CMU Artificial Intelligence Seminar Series sponsored by


Back to Seminar Schedule

Tuesday, May 10, 2022

Time: 12:00 - 01:00 PM ET
Recording of this Online Seminar on Youtube

Albert Gu -- Efficiently Modeling Long Sequences with Structured State Spaces

Relevant Paper(s):

Abstract: A central goal of sequence modeling is designing a single principled model that can address sequence data across a range of modalities and tasks, particularly on long-range dependencies. Although conventional models including RNNs, CNNs, and Transformers have specialized variants for capturing long dependencies, they still struggle to scale to very long sequences of 10000 or more steps. This talk introduces the Structured State Space sequence model (S4), a simple new model based on the fundamental state space representation $x'(t) = Ax(t) + Bu(t), y(t) = Cx(t) + Du(t)$. S4 combines elegant properties of state space models with the recent HiPPO theory of continuous-time memorization, resulting in a class of structured models that handles long-range dependencies mathematically and can be computed very efficiently. S4 achieves strong empirical results across a diverse range of established benchmarks, particularly for continuous signal data such as images, audio, and time series.

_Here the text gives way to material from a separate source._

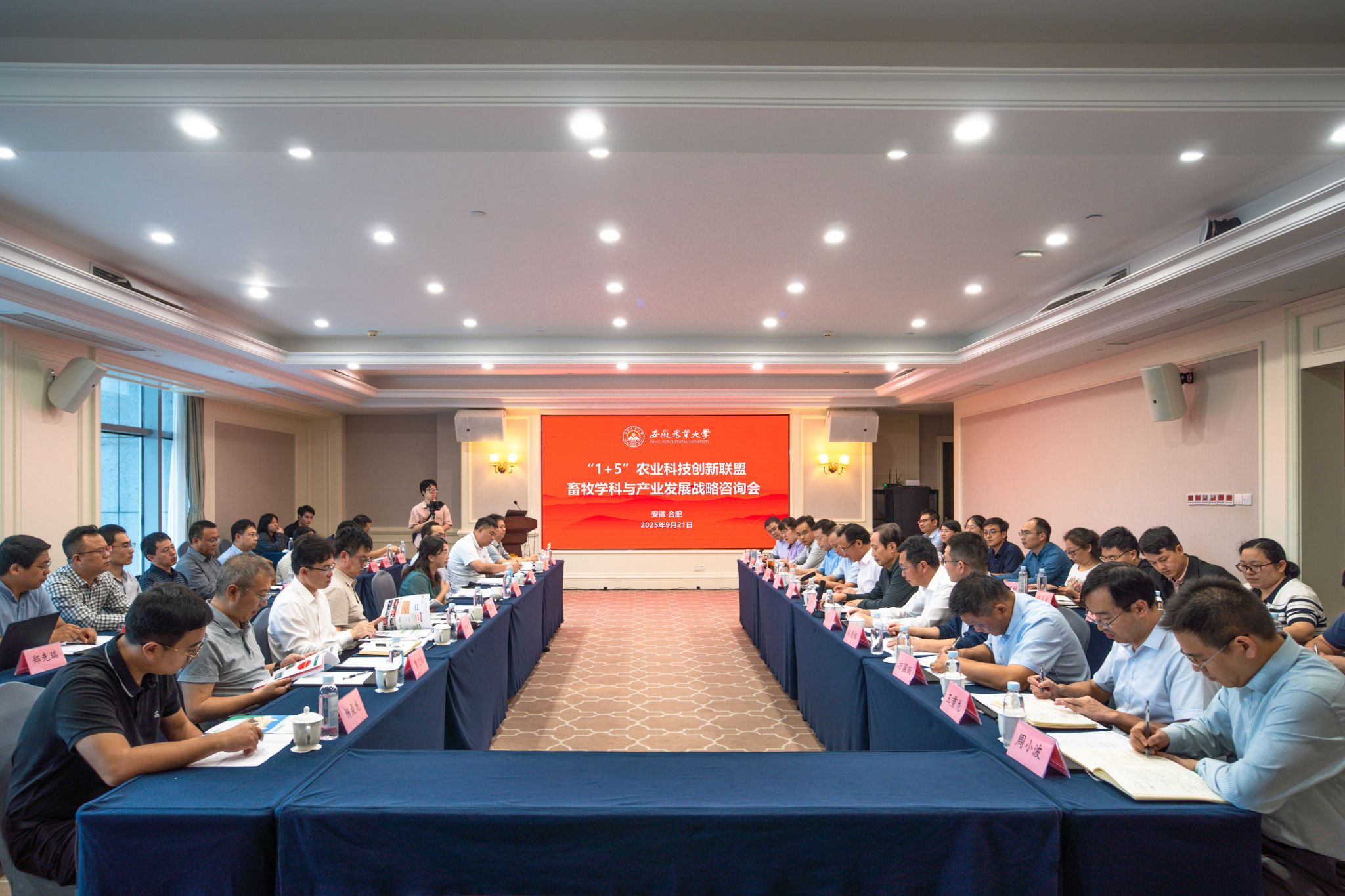 本网讯 9月21日下午,“1+5”农业科技创新联盟畜牧学科与产业发展战略咨询会在合肥举行。校党委副书记、校长操海群,学术副校长吴文革出席会议。中国农业科学院北京畜牧兽医研究所、中国农业大学动物科技学院、西北农林科技大学动物科技学院、华中农业大学动物科技学院动物医学院、南京农业大学动物科技学院、安徽省农业农村厅、安徽省农业科学院畜牧兽医研究所、安徽科技学院动物科技学院等单位负责同志应邀出席。校科技处、发展规划处、社会合作处、动物科技学院相关负责人和团队代表参会。

Bio: Albert Gu is a final year Ph.D. candidate in the Department of Computer Science at Stanford University, advised by Christopher Ré. His research broadly studies structured representations for advancing the capabilities of machine learning and deep learning models, with focuses on structured linear algebra, non-Euclidean representations, and theory of sequence models. Previously, he completed a B.S. in Mathematics and Computer Science at Carnegie Mellon University.